Pigments containing transition metal species cause corrosive degradation of paper, essentially fenton-like oxidative degradation of cellulose. The hydroxyl radical generated by fenton-like reaction is a kind of active molecule, which can react with almost all biological macromolecules, organic matters or inorganic matters in various types, and has very high reaction rate and hydrophilicity, thus being capable of accelerating the degradation of cellulose and causing the damage of paper. In order to slow down the corrosion of the paper by the ink and the pigment,and Cabrita et al use 1-ethyl-3-methylimidazolium bromide, magnesium calcium phytate, and like protective agents to slow down this process [ ChemSusChem 2008,1, 921-926; langmuir 2010,26,24,19084-](ii) a Potthast et al slow the corrosive degradation of pigments to paper by adding tetrabutylammonium bromide, gelatin, etc. [ carbohydr. Polymer.2015, 134,136-143]. But these protective agents are described inThe color, pH or surface pigment state of the paper is influenced to a certain extent, and free radicals cannot be effectively removed, so that the long-acting protection effect cannot be achieved.

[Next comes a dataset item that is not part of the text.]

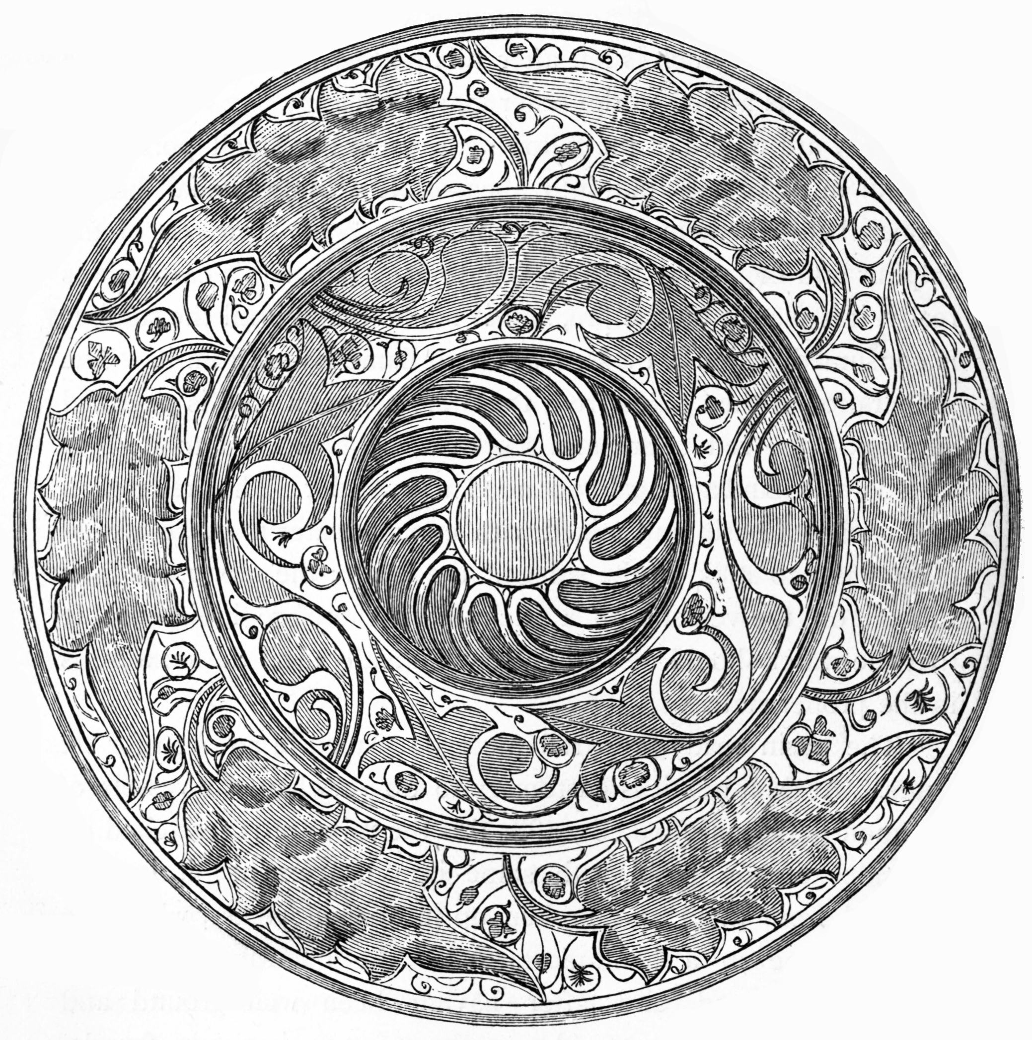 The information and remains which have reached us illustrating silver and gold work of the Roman domination are more important; we find, however, in this and similar artistic industries that, as a general rule, the Romans imposed their style and system on the inhabitants of the countries which they conquered, and it is not easy to point out any one example which can be given as an exception to this general rule. It is, undoubtedly, a fact that objects of all kinds in gold and silver were used in Spain to a very great extent—for, notwithstanding the destruction of ages, we still possess inscriptions which allude to silver statues, and a large number of objects in the precious metals exist in museums and private collections. See "Inscrip. Hisp. lat.," by Dr. Emile Hübner, Berlin, 1869. Of these it will be sufficient to mention one of the most important. It is known in the province of Santander by the name of the dish of Otañez; and belongs to a gentleman who lives in that locality. It was found at Otañez at the end of the last century, buried in a stone quarry. This dish is made of silver, it weighs thirty-three ounces, and is covered with an ornamentation of figures in relief, some of which are gilt, representing an allegorical subject of the source of medicinal waters. In the upper part is a nymph who pours water from an urn over rocks; a youth collects it in a vessel; another gives a cup of it to a sick man; another fills with it a barrel which is placed in a four-wheeled car to which are yoked two mules. On each side of the fountain are altars on which sacrifices and libations are offered. Round it is the inscription: SALVS. VMERITANA, and at the back is engraved, in confused characters, the words: L. P. CORNELIANI. PIII....

Therefore, in order to solve the problems of the conventional protective agent, such as unsatisfactory protective effect on paper containing a transition metal pigment, short protective effect, repeated coating and the like, the attention is drawn to how to prolong the effective protective time of paper cultural relics without affecting the color, pH or surface pigment of the paper.
Disclosure of Invention
The invention provides a protection method of paper cultural relics containing transition metals, which is used for prolonging the effective protection time of the paper cultural relics containing the transition metals.

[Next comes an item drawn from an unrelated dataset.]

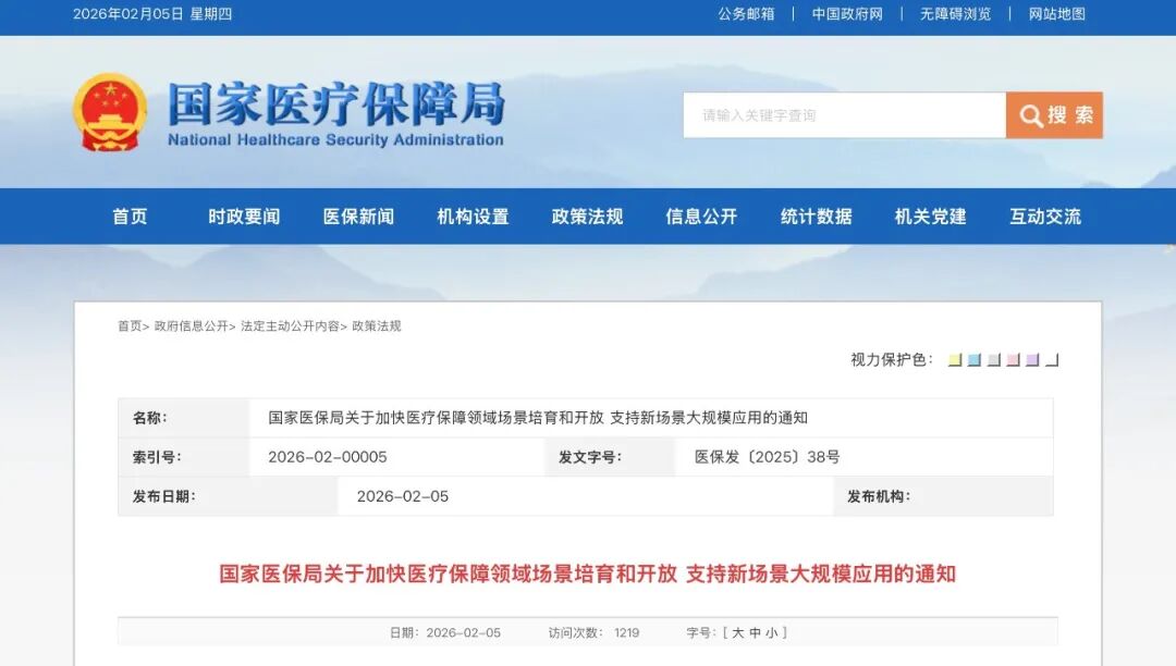 《通知》是“十五五”规划和《国务院办公厅关于加快场景培育和开放 推动新场景大规模应用的实施意见》在医保领域落实的重要举措,标志着医保领域的创新支持从“政策引导”迈向“场景赋能”的新阶段,而这也将助推我国医保体系朝着智能化、协同化和价值化方向演进。在保障人民健康的同时,也为健康产业发展注入新动能。

The invention provides a protection method of paper cultural relics containing transition metals, which comprises the following steps: contacting a region needing to be protected in a paper cultural relic with a polyacrylate compound, wherein the polyacrylate compound has a structure shown in a formula 1, and M is an alkyl group substituted by at least one hydroxyl group;
further, the transition metal is one or more of iron, copper, chromium, zinc, mercury and cadmium.

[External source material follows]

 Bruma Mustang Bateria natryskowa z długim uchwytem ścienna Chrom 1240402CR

Further, the polyacrylate compound is one or more of poly-2-hydroxypropyl acrylate, poly-2, 5-dihydroxyhexyl acrylate, poly-2, 4-dihydroxypentyl acrylate and poly-2, 3, 4-trihydroxybutyl acrylate.
Further, the polyacrylate compound is prepared by the following preparation method:
step 1, under the protection of inert gas, activating an acrylate monomer containing a stabilizer to obtain the acrylate monomer, wherein the reaction process is shown as a formula 2:
R-R →. R +. R formula 3
further, the mass of the initiator is 0.01-0.2% of that of the acrylate monomer.
Further, the initiator is one or more of AIBN, DtBP, DCP, tBPB, DBPO or LP.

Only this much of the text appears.